I walk around the Farmers markets and after buying what I
want, I sometimes sit on a bench and watch the people walking around. A lot of
times, that’s all they’re doing. I see more people leaving farmers markets
empty handed because it’s the place to go when you want to see or be seen. Hey
look at me with my recycled reusable hemp bag and my bottled water ….I’m hip,
I’m green… I’m everything fabulous about local food because it’s the in thing
to do.
Locavores/Slow Food/ Farmers Markets/ CSA’s/ they are all
just about to get in line with “Foodie” as another way of saying
Pretentious/Overpriced/Self-Involved/Over-Hyped. I mean really, if you can’t
inform and welcome the folks who could truly use a little 411 with regards to
fresh local foods…you’re just doing a self-serving money grab. This is fine
with me as I’m not one of the “don’t bungle with the jungle” crowd but I’m also
not a hypocrite. The fact that you folks… Locavores/Slow Food/ Farmers Markets/
CSA’s/ don’t seem to hold or promote events geared for the average Joe tells me
that you are very much the epitome of the word hypocrite.

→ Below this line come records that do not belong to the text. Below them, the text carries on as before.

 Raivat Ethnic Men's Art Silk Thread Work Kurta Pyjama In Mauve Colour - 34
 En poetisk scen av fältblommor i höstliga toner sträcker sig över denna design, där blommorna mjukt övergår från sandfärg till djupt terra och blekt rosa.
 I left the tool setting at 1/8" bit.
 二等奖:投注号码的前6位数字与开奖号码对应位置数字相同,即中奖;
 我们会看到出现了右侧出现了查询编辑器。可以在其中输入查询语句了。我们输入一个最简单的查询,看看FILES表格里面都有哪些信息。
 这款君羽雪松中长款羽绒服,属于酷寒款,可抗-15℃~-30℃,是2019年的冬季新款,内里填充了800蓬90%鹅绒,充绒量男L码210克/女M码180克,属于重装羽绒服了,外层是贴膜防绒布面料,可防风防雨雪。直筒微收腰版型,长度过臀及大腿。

While I’m at it, let’s touch on farmer’s markets real
quick….could you “walkers” and people just there to be seen do us “buyers” all
a solid and wear a distinctive shirt. My suggestion would be for day-glow
orange or fire engine red. Maybe you could go one step further and stencil or
have iron on letters that say “Oxygen Thief” or “A-hole Chillaxing”. This way
all of us serious buyers will know it’s ok to cut in front of you while we’re
trying to buy green beans or just move you out of the way when we want to ask
the farmer a question and your jabbering away about how you like to come here
all the time and you have a Prius.
People with baby strollers are fine if they’re actually
buying…. More often than not…they aren’t. So maybe you can take your precious
and “obviously” well cared for precious little angels to the park instead of
showing what a good wholesome parent you are to the other good wholesome
parents who aren’t buying shit either. If I had to guess your children aren’t
crying because they need something, I’d say they’re crying because of how
idiotic and delusional mommy or daddy really is…and they’re stuck for another
14-17 years!
Dog walkers, there is no reason for your dog to be there.

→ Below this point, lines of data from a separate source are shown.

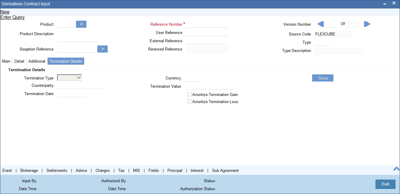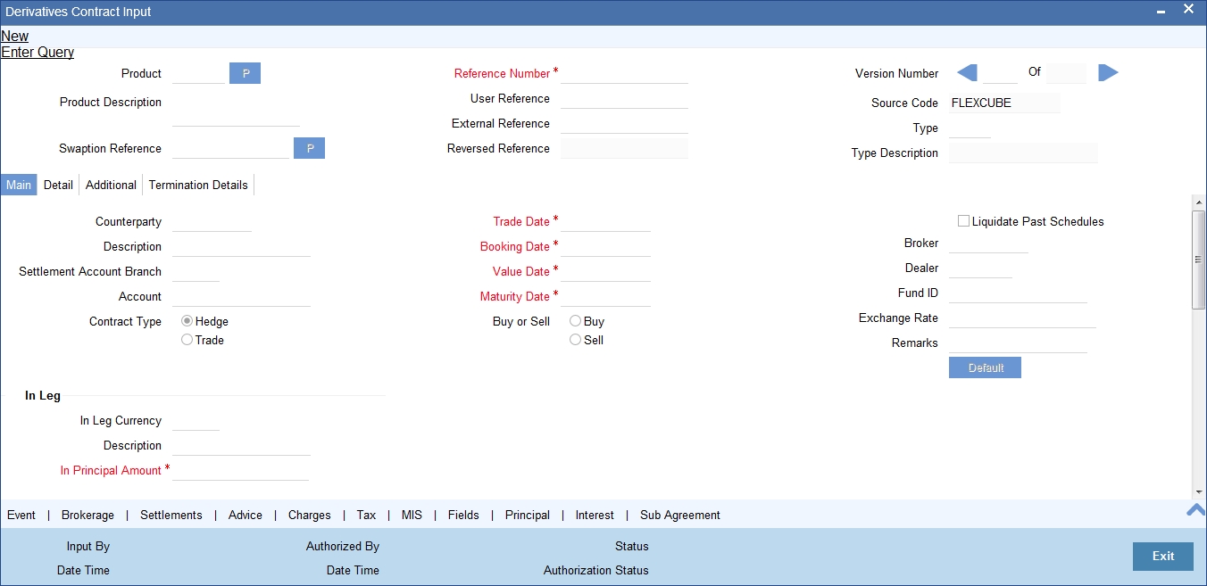 When you enter a contract in Oracle FLEXCUBE, it is assigned a version number of 1. From then on, each amendment of the contract results in its next version. When you come to the ‘Derivatives Contract Input Detailed’ screen, the latest version of the contract will be displayed.
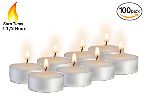Tea Light Candles - 100 Bulk Pack - White Unscented Travel, Centerpiece, Decorative Candle - 4.5 Hour Burn Time - Pressed Wax - By Ner Mitzvah
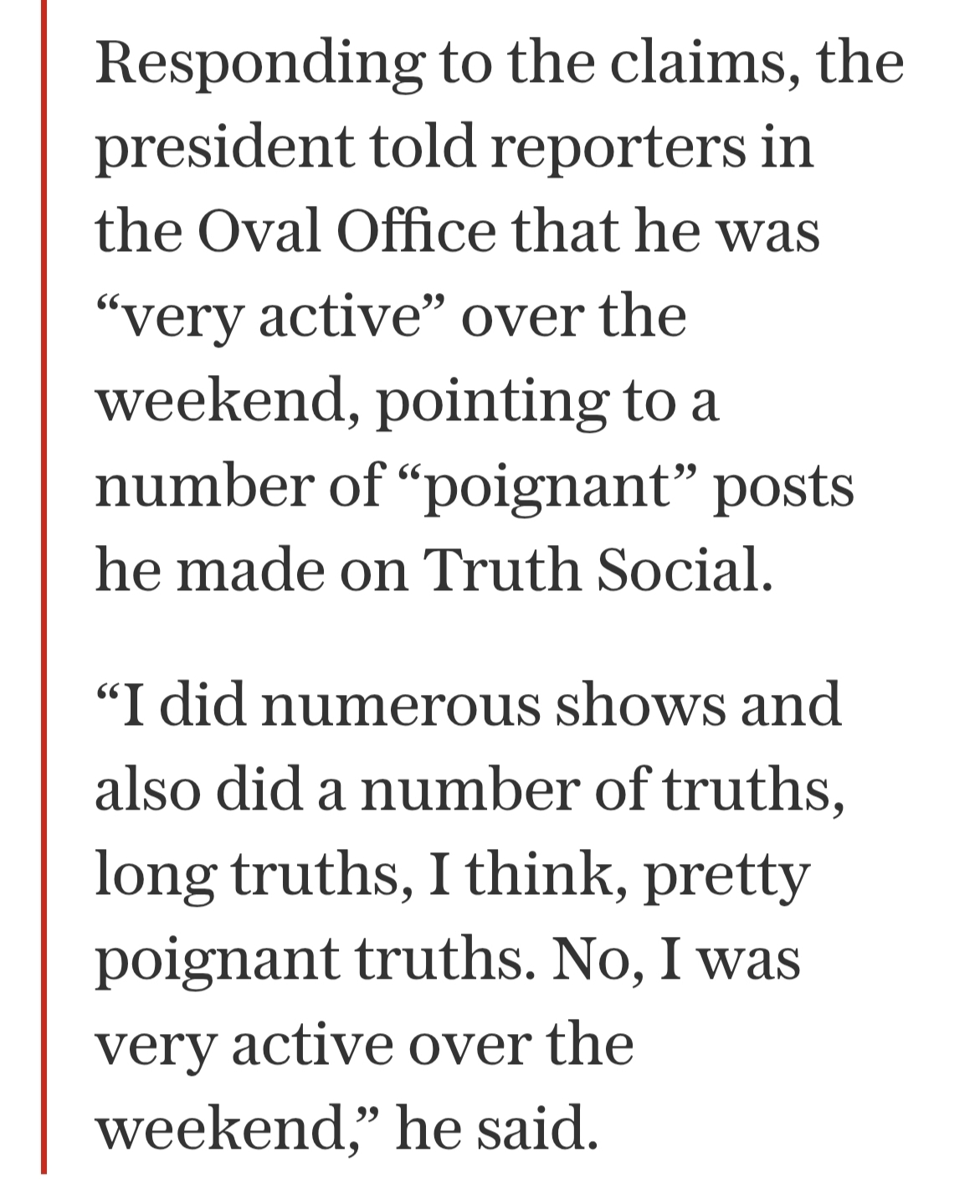 Ну и битый час: я остановил семь войн; демократы сфальсифицировали выборы; Байден был неработоспособен; тарифы принесли Америке триллионы долларов; кстати, и с председателем Си у меня отличные отношения.
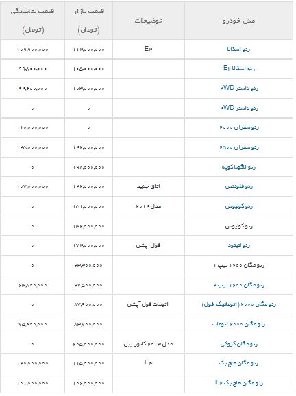 بانک اطلاعات خودرو: اختلاف قیمت 8 میلیونی خودرو مگان در نمایندگی و بازار از بارزترین نکات جدول ذیل است که علت اصلی آن کمبود عرضه این محصول از سوی شرکت رنو می باشد.
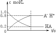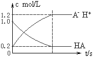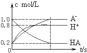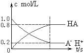 H++A-,如图将1.0mol HA分子加入1.0 L水中,溶液中HA、H+、A-的物质的量浓度随时间而变化的曲线正确的是
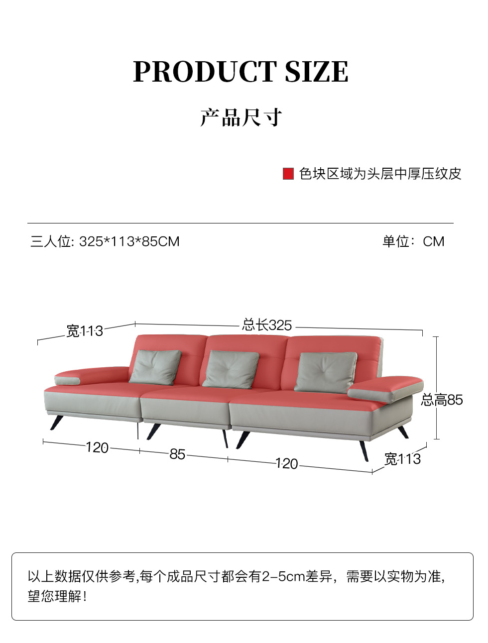 希奥 极简 头层牛皮 俄罗斯樟子松 双扶三位 半皮(接触面真皮)2.4米沙发
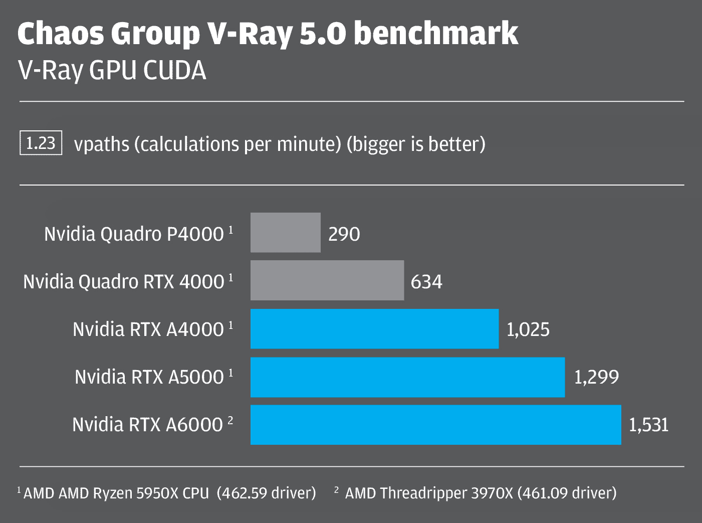 V-Ray is one of the most popular physically based rendering tools, especially in architectural visualisation. We put the new cards through their paces using the freely downloadable V-Ray 5 benchmark, which has dedicated tests for Nvidia CUDA GPUs, Nvidia RTX GPUs, as well as CPUs.
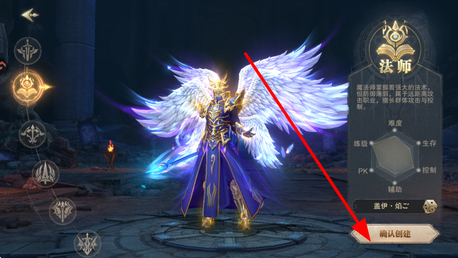 1、进入游戏后,创建法师等职业,了解特点后,点击确认创建,就能开启属于自己的冒险之旅,不同职业发展与战斗方式有所不同。
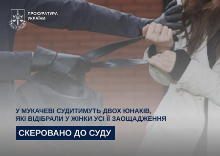 Ювенальна прокуратура Закарпатської обласної прокуратури затвердила обвинувачення проти двох спільників, мешканців Мукачева. Їм інкриміновано грабіж, вчинений за попередньою змовою групою осіб в умовах воєнного стану (ч. 4 ст. 186 КК України).

Your dog is an animal and no matter how cute they are or how many times you’ve
gotten laid because of them… I still never feel comfortable when little lassie
is sniffing my crotch while I’m trying to inquire about summer squash. If you
ever get a dog that looks like Scarlett Johansson then feel free to bring her
and I’ll take her for a walk myself. In the meantime you can live without your
little precious puppy for an hour or so…in the meantime try to think of
something interesting to say as a means of picking up women…you aren’t getting
a second date because your St. Bernard Leonard is more interesting than you,
deal with it.
So let’s get our collective heads out of our ass and start
to think of ways to incorporate “The Whole Community” in community supported
agriculture, farmers markets, and farm to table events. We aren’t doing nearly
enough and you know it. Let’s do some events for everyone to show that this
great food is not out of reach, to show that this stuff is accessible and
attainable. I have no idea why people think the food “revolution” is in full
swing and raging except it’s probably the result of technology.
Technology must be the answer because we keep in contact
with likeminded people who have a shared interest in food. But go to any
grocery store and watch the people buying burgers ground God knows how long in
advance and boxed up, or the breaded chicken tenders in some kind of sauce. You
shake your head at those people don’t you? I do too and think to myself, I
thought we’d come so far…I thought with food and cooking on so many channels
people were starting to “get it”. Well they’re not….not as long as those food
shows are stripped down to their lowest common denominator.
People eating massive amounts of crap food are not an
inspiration to eat local and healthy. People making cupcakes and cakes out of
everything BUT cake won’t cut the muster either…The bottom line, It’s up to us.
We have to be the bearers of light. We have to take it to the streets. We don’t
have to shove it down their throats but we sure as hell need to be doing a
better job of it than we are now. Either that or we can keep giving ourselves
congratulatory dinners. Out of one side of our mouth convincing each other the
food revolution is a success, then out of the other bad mouthing the”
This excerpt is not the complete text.